3) That went on for years, until I changed my attitude. That was down to a two things. Firstly, there was this piece I wrote about use by dates. It got me thinking that the beer mostly likely to be the freshest is the one brewed in the place I live. Also, I’d started seeing social media posts about people in other cities getting excited that a IBC or Five Barrels tap takeover was happening at their local. Here were people getting revved up about the chance to try some of these beers that I’d put in the “yeah, can that anytime” category.

4) After this epiphany of sorts, I started favouring Wollongong-brewed beers when I saw them. Now, if I see cans of IBC’s Apocalypso or Chuck Norris in the bottle shop fridge, I’ll buy some. Who cares if I can get them any time? They’re good beers. Same goes for Five Barrel – they always seem to have a new beer in bottle so I make sure I pick some of them up when I see it.

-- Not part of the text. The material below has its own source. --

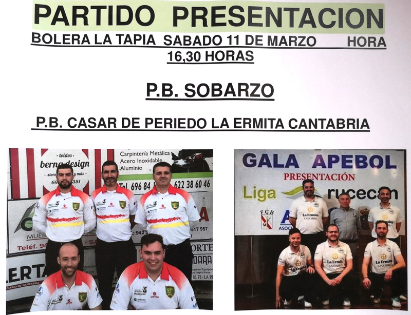 El próximo sábado día 30 se celebrarán en la Bolera La Tapia como Principal y auxiliar la Bolera el Ferial de Saron el V CAMPEONATO ESPAÑA CUARTA CATEGORIA en el que participan un total de 18 jugadores de las Territoriales de Cantabria, Territorial Vasca, Madrileña y Asturiana. Por la mañana a partir de las 9 horas tiradas en las dos boleras y por la tarde a partir de las 16 horas final en La Tapia en Sobarzo.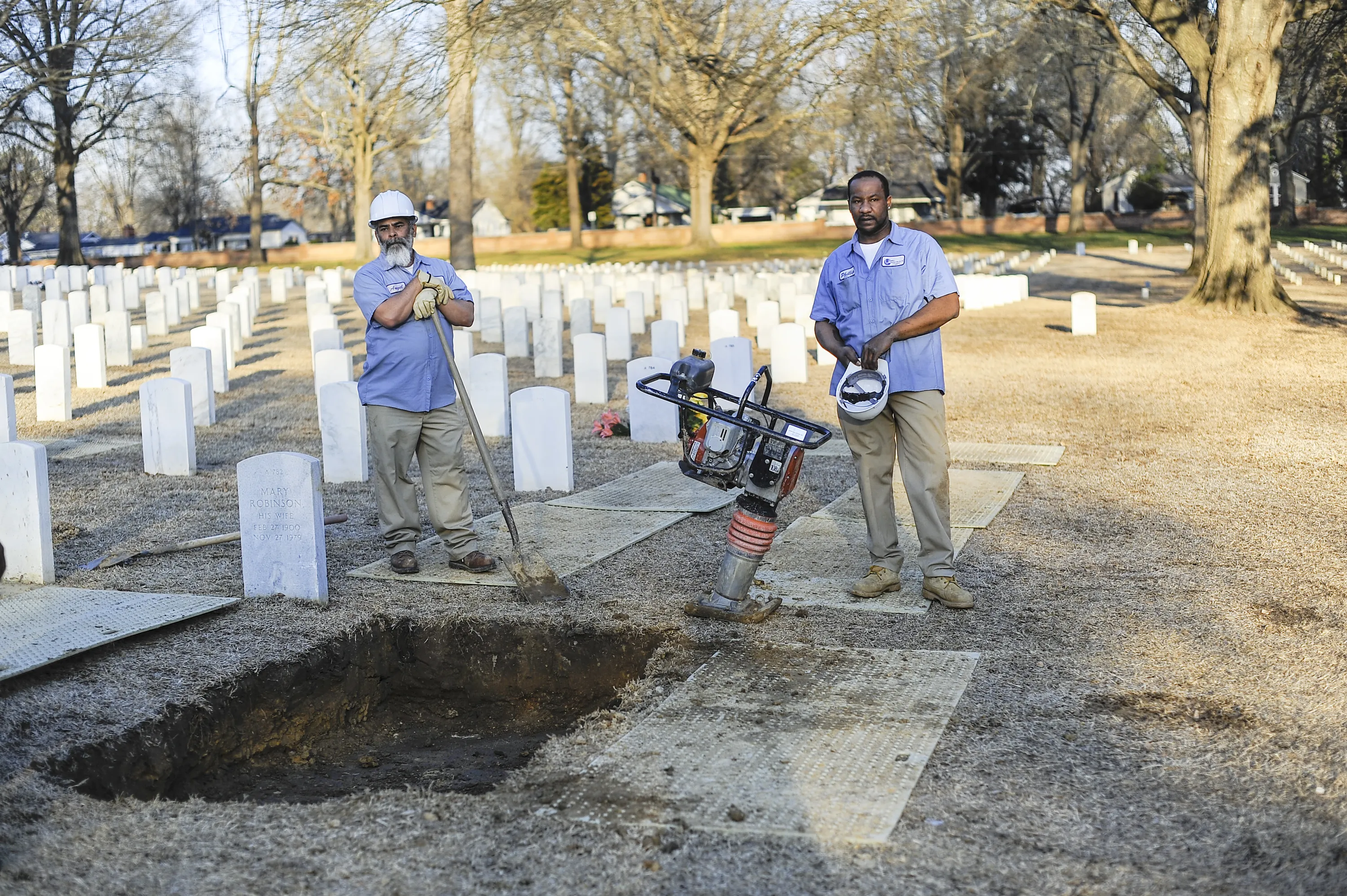 Ricketts was buried near his hometown at the Corinth National Cemetery. After his coffin was lowered in the ground, a small crew shoveled dirt over the grave, pounding it with a mechanical dirt-packer. (Photo and caption by Van Agtmael/Harrison Jacobs/Magnum Photos)

5) Which brings me to the Five Barrel robust porter. It’s made from the second runnings of the imperial stout. From my homebrewing days, I think that means they run water through the grain to make the imperial stout and then, they repeat the process but put that water into a different fermenter (thereby getting fewer fementable sugars but much of the flavour as the beer made from first runnings). That’s what it tastes like, because this a robust porter than does warrant the word “robust”. While it is 5.9 per cent, it does taste much stronger. It’s rich with dark chocolate and coffee flavours, and went down a treat over during a cold, wet weekend.

Free of paid for: I bought this bottle – as well as seven others in a range of varieties – over the Five Barrel brewery bar.